Выбрать главу

«Эркень внес в венгерскую прозу и драматургию нечто неповторимо индивидуальное и действительно новое, нечто такое, что в самом деле знал и умел только он», — писал известный литературовед Деже Тот, член-корреспондент Венгерской академии наук. Стихия Эркеня — поиск новых художественных форм, гротеск и абсурд. «Предпочитая свободно парить во времени и пространстве… я, даже если и допускал долгие ли, короткие ли экскурсы в бытописательский реализм, неуклонно протаскивал в него элемент гротеска», — признавался писатель. Специфический эркеневский гротеск выразил и национальное своеобразие венгерского духовного мира и органично вписался в общую тональность современной мировой литературы.

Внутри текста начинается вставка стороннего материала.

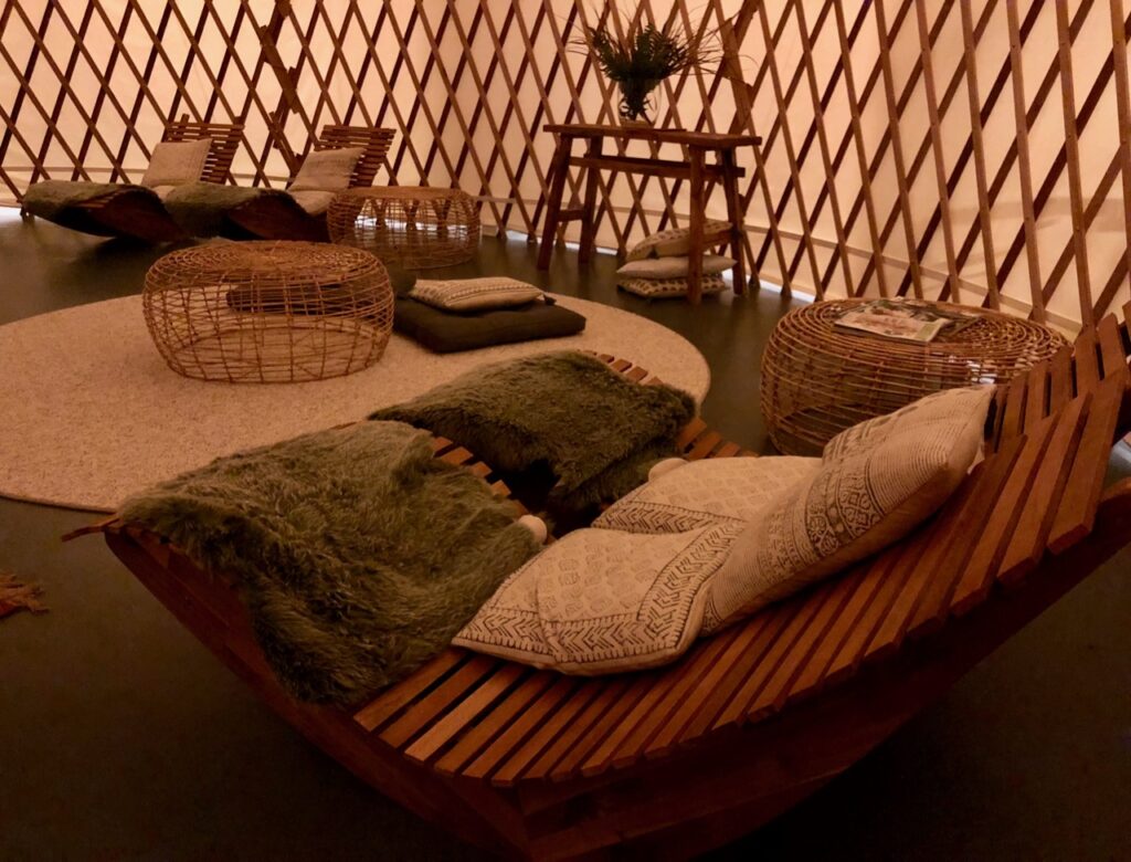 L’autre truc super, c’est la yourte, située en sous-sol. Une vraie yourte avec de jolis fauteuils pour se reposer et des couvertures en (fausse) fourrure pour se cocooner.

В «Иностранной литературе» Иштван Эркень давно свой человек. Первая публикация его рассказов на русском языке состоялась более четырех десятилетий назад именно на страницах «ИЛ», где затем выходили его повести — «Семья Тотов» и «Выставка роз», печатались его критические заметки, в частности — «Размышление о гротеске», присланное им в редакцию в рукописи. Писатель очень дорожил этой трибуной, а в 1971 году, будучи в Москве, приезжал в редакцию познакомиться с сотрудниками и поблагодарить за внимание к своим произведениям.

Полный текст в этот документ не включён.